▶ _ASSIGNMENT_: From the entries below, gather every line containing the string "your".

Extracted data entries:
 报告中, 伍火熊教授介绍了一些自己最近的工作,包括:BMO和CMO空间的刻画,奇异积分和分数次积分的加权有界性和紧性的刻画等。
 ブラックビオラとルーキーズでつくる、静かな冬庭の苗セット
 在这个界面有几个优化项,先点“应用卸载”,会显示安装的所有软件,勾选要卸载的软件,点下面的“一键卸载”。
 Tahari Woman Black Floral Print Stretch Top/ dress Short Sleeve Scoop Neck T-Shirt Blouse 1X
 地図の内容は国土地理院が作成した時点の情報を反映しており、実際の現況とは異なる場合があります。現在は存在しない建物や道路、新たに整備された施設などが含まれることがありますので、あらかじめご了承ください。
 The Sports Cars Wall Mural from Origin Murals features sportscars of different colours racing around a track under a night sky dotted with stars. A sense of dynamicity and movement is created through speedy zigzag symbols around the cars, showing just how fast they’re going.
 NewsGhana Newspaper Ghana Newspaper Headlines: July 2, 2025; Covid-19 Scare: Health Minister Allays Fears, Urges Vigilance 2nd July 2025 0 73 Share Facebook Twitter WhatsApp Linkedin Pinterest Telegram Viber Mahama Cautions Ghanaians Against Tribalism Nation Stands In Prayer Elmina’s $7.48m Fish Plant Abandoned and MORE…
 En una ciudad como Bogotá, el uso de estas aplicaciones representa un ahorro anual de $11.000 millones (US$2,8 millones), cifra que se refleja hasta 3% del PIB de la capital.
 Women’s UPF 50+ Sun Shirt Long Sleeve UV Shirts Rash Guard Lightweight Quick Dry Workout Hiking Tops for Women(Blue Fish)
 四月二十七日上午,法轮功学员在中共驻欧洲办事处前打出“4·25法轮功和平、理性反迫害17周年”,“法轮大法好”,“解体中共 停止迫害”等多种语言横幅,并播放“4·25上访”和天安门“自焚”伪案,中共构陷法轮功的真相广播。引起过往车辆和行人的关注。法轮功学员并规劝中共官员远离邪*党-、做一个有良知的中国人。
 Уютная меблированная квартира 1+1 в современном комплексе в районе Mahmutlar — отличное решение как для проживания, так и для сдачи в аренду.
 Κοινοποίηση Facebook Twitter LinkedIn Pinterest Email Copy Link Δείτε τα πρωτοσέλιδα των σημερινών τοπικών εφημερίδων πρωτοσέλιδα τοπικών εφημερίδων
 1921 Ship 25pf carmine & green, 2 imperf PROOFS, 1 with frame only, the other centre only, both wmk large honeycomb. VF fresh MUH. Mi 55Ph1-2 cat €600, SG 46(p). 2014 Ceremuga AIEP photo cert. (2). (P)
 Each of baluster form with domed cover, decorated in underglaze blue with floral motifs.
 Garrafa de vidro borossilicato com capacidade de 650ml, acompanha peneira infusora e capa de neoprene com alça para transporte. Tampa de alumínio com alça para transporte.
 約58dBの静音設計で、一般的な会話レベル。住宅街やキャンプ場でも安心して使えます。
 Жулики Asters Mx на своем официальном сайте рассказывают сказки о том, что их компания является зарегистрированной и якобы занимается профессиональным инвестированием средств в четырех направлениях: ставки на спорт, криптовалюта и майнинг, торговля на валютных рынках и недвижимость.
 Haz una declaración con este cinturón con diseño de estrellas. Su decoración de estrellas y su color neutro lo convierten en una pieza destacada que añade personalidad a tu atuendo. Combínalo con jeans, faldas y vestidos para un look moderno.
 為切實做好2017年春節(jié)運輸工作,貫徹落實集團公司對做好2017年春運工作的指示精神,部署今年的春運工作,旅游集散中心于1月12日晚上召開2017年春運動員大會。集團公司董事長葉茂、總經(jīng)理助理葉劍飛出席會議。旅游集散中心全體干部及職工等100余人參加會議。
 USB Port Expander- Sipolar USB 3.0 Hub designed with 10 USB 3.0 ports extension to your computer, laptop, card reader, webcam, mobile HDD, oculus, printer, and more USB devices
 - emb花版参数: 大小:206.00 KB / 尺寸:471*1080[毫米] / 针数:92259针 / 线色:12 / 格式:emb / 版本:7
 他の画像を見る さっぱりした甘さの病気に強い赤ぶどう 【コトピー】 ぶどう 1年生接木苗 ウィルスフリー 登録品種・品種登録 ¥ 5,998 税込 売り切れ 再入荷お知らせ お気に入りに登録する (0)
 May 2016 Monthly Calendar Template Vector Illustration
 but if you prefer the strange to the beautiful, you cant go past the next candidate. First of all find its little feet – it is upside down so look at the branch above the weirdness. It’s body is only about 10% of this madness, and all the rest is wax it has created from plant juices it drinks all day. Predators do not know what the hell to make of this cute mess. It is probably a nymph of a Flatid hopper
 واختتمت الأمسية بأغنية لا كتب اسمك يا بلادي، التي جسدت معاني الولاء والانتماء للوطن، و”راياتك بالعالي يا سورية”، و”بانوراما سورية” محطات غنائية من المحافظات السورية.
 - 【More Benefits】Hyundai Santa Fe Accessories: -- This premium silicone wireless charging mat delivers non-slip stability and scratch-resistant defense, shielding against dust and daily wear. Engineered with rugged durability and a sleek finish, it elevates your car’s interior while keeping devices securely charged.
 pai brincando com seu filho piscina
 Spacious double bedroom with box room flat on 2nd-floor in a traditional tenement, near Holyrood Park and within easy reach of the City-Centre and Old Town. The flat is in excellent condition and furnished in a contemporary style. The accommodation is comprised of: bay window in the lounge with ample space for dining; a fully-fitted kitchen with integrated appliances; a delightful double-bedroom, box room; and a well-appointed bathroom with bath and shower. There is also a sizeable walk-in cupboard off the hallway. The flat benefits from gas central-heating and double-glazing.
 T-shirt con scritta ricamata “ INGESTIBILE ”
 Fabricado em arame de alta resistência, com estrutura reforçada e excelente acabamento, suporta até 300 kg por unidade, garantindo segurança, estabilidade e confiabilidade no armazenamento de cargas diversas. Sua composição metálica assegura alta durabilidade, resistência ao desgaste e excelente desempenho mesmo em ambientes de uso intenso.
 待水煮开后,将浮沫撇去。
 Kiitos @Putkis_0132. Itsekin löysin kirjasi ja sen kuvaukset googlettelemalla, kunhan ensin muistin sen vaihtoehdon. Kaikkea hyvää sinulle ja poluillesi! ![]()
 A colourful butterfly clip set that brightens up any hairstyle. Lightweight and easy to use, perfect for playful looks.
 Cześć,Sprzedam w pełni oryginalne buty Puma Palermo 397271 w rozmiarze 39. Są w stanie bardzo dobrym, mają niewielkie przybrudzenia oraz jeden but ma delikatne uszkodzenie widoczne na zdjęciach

▶ _RESPONSE BOX_:
 USB Port Expander- Sipolar USB 3.0 Hub designed with 10 USB 3.0 ports extension to your computer, laptop, card reader, webcam, mobile HDD, oculus, printer, and more USB devices
 - 【More Benefits】Hyundai Santa Fe Accessories: -- This premium silicone wireless charging mat delivers non-slip stability and scratch-resistant defense, shielding against dust and daily wear. Engineered with rugged durability and a sleek finish, it elevates your car’s interior while keeping devices securely charged.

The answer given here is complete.